§ **EXERCISE AIM**
Where the lines below hold images, skip those and copy every word exactly.

§ **EXTRACTED DATA**

----------------------------------------

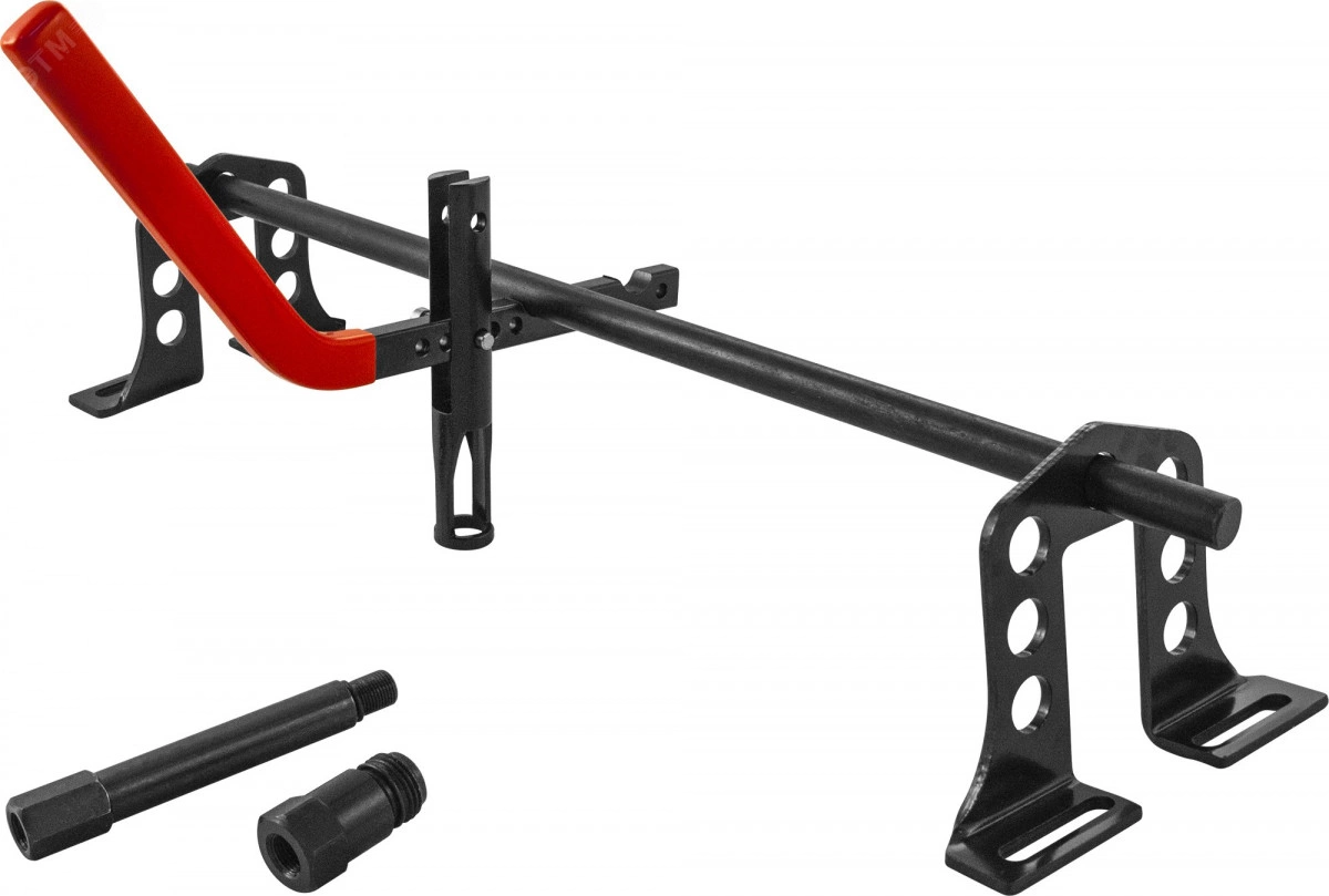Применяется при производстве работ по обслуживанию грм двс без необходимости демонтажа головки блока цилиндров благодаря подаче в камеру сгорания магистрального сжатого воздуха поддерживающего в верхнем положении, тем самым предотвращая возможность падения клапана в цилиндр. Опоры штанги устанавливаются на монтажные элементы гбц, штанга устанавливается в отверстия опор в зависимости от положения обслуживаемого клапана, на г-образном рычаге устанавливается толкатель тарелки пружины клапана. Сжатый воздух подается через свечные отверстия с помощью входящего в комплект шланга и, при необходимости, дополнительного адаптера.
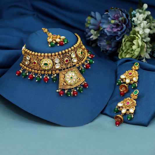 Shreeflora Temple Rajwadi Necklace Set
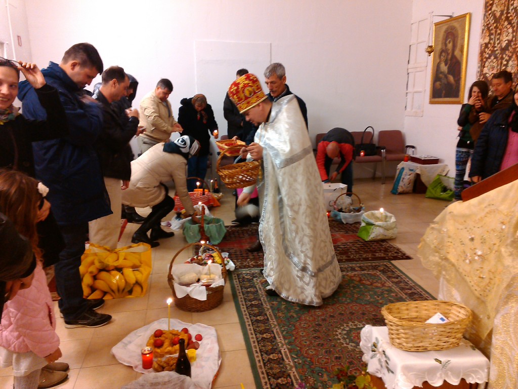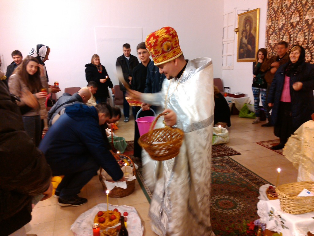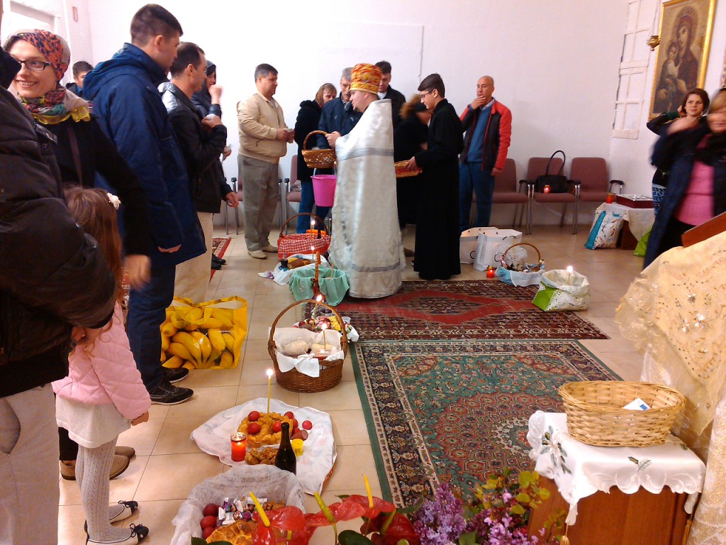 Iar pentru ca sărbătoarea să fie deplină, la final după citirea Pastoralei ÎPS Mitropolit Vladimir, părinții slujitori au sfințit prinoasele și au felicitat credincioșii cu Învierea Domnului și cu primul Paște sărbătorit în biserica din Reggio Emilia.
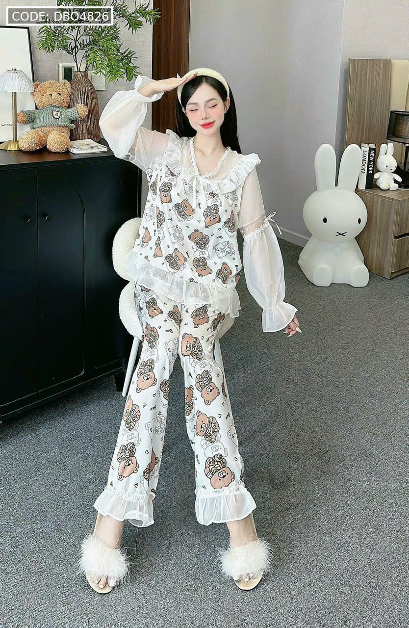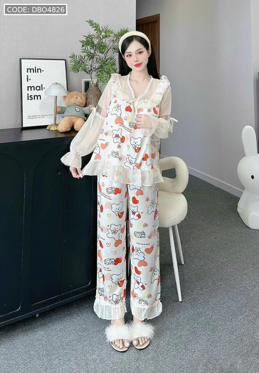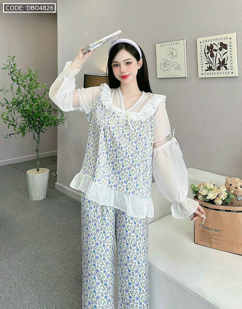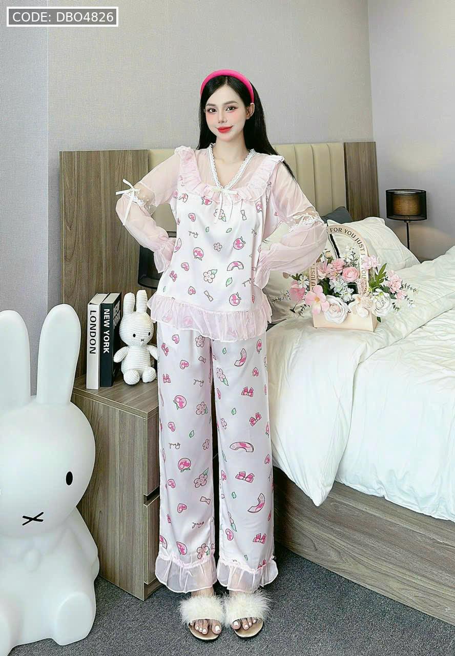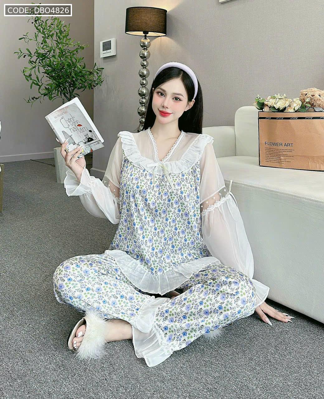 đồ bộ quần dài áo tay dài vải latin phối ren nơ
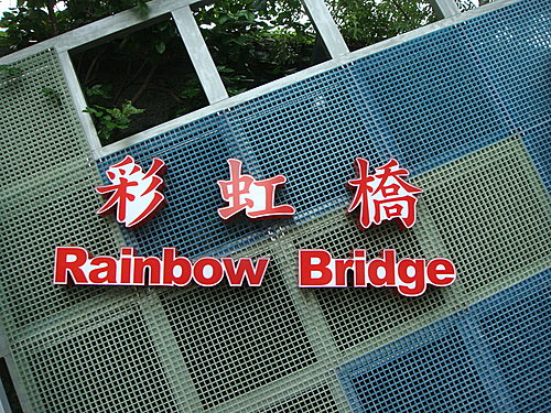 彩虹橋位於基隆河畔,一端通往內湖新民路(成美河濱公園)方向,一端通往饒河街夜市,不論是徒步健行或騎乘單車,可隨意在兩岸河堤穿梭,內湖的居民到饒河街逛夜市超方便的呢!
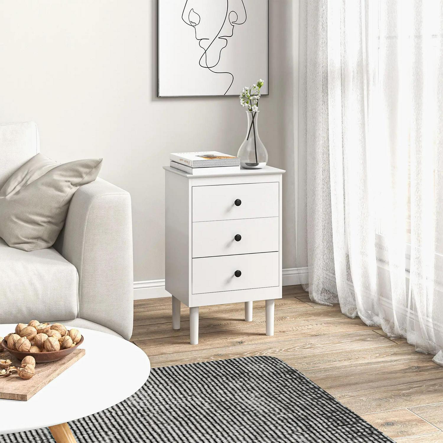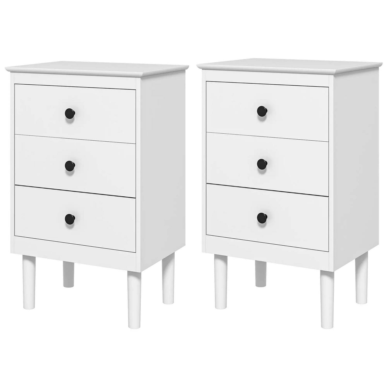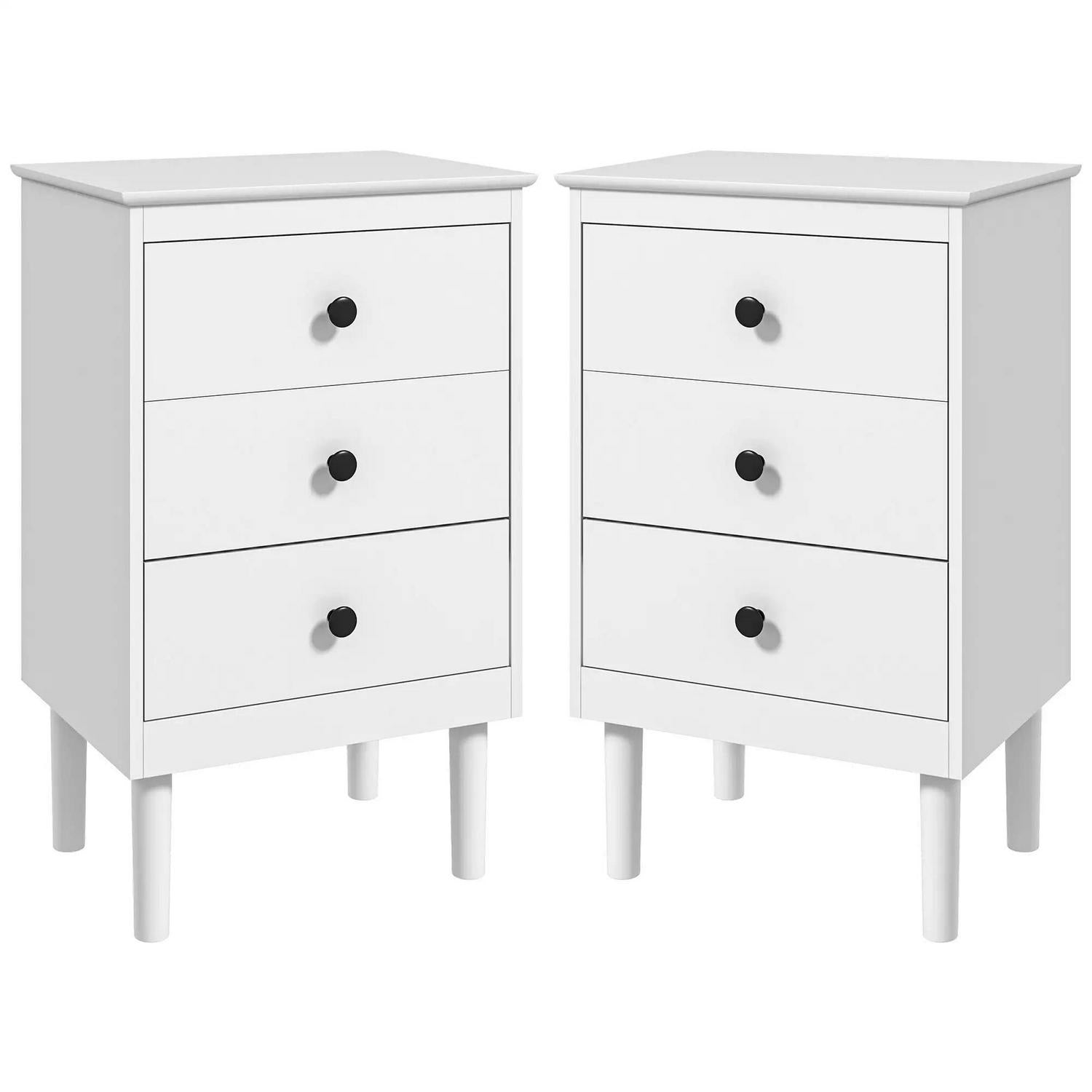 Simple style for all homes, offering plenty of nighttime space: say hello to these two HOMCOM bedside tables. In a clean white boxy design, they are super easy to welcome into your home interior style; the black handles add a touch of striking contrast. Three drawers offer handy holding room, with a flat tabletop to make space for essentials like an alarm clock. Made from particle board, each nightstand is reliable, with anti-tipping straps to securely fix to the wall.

----------------------------------------

§ **EXERCISE RESPONSE**
Применяется при производстве работ по обслуживанию грм двс без необходимости демонтажа головки блока цилиндров благодаря подаче в камеру сгорания магистрального сжатого воздуха поддерживающего в верхнем положении, тем самым предотвращая возможность падения клапана в цилиндр. Опоры штанги устанавливаются на монтажные элементы гбц, штанга устанавливается в отверстия опор в зависимости от положения обслуживаемого клапана, на г-образном рычаге устанавливается толкатель тарелки пружины клапана. Сжатый воздух подается через свечные отверстия с помощью входящего в комплект шланга и, при необходимости, дополнительного адаптера.
 Shreeflora Temple Rajwadi Necklace Set
 Iar pentru ca sărbătoarea să fie deplină, la final după citirea Pastoralei ÎPS Mitropolit Vladimir, părinții slujitori au sfințit prinoasele și au felicitat credincioșii cu Învierea Domnului și cu primul Paște sărbătorit în biserica din Reggio Emilia.
 đồ bộ quần dài áo tay dài vải latin phối ren nơ
 彩虹橋位於基隆河畔,一端通往內湖新民路(成美河濱公園)方向,一端通往饒河街夜市,不論是徒步健行或騎乘單車,可隨意在兩岸河堤穿梭,內湖的居民到饒河街逛夜市超方便的呢!
 Simple style for all homes, offering plenty of nighttime space: say hello to these two HOMCOM bedside tables. In a clean white boxy design, they are super easy to welcome into your home interior style; the black handles add a touch of striking contrast. Three drawers offer handy holding room, with a flat tabletop to make space for essentials like an alarm clock. Made from particle board, each nightstand is reliable, with anti-tipping straps to securely fix to the wall.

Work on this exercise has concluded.